Is tuberculose goed te genezen? Alle vormen van tuberculose kunnen met medicijnen goed worden behandeld. De behandeling begint zodra de diagnose is gesteld. Soms besluit de
arts zelfs om te behandelen als alleen al het vermoeden van tuberculose bestaat. Over het algemeen duurt de behandeling minimaal 6 maanden. Als er sprake is van ongevoeligheid (resistentie) tegen bepaalde medicijnen wordt de
behandeling aanzienlijk gecompliceerder en langer.

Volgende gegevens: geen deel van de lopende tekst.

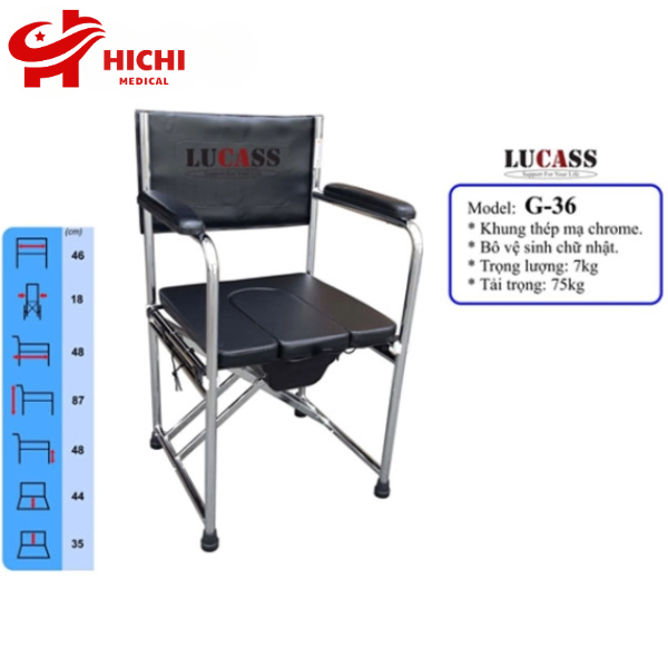 - Ghế bô vệ sinh mặt nệm Lucass G36 là thiết bị dùng để cho người ốm nặng, người cao tuổi đi lại khó khăn, người tàn tật hay người bị liệt đi vệ sinh. Ghế thiết kế vững chắc, đệm êm không thấm nước, tiện dụng, bảo đảm vệ sinh.

In Nederland komt dit nog maar weinig voor. Maar in andere delen van de wereld zijn de problemen rondom resistientie veel groter, waardoor de kans op toename van de problematiek in
Nederland ook zeker aanwezig is.
Welke medicijnen worden gebruikt tegen tuberculose? De belangrijkste medicijnen (antibiotica) tegen tuberculose zijn:
Als er sprake is van ongevoeligheid
(resistentie) tegen een of meerdere medicijnen dan worden er nog een of
meerdere medicijnen toegevoegd aan de behandeling.
Waaruit bestaat een tuberculose-behandeling? Tuberculose wordt altijd behandeld met verschillende medicijnen tegelijkertijd. Op deze manier wordt de bacterie zo snel en volledig mogelijk uitgeschakeld.
De behandeling bestaat
uit 2 fasen:
-
De intensieve fase. Deze duurt ongeveer 2 maanden. In deze periode worden een groot deel van de bacteriën gedood. In deze fase gebruikt de patiënt meestal minimaal 4 verschillende soorten medicijnen.
-
De
continuatie-fase. Omdat een klein deel van de bacteriën veel moeilijker te doden is volgt er nog een aanvullende fase van ongeveer 4 maanden. In deze periode gebruiken de meeste mensen nog 2 verschillende soorten medicijnen.
Naast de
behandeling door de arts wordt de tbc-patiënt in Nederland ook begeleid door een sociaal verpleegkundige tbc- bestrijding. Deze begeleiding is met name gericht op de volgende punten:
-
de diagnose tuberculose zorgt bij veel mensen
voor onrust. Vaak zijn er veel vragen bij de patiënt en ook bij diens omgeving over de ziekte, het verloop en eventuele besmettelijkheid. Goede opvang en professionele begeleiding zijn hierbij erg belangrijk.
-
Het is erg belangrijk
dat de patiënt de medicijnen dagelijks en steeds op hetzelfde tijdstip inneemt, en de behandeling niet voortijdig afbreekt. De kans is anders groot dat de tuberculose terugkomt en/of eventueel ongevoelig (resistent) wordt voor de
medicatie. Veel mensen blijken het dagelijks slikken van medicijnen erg moeilijk te vinden. Vooral als de klachten na een paar weken verdwijnen, of als er bijwerkingen zijn.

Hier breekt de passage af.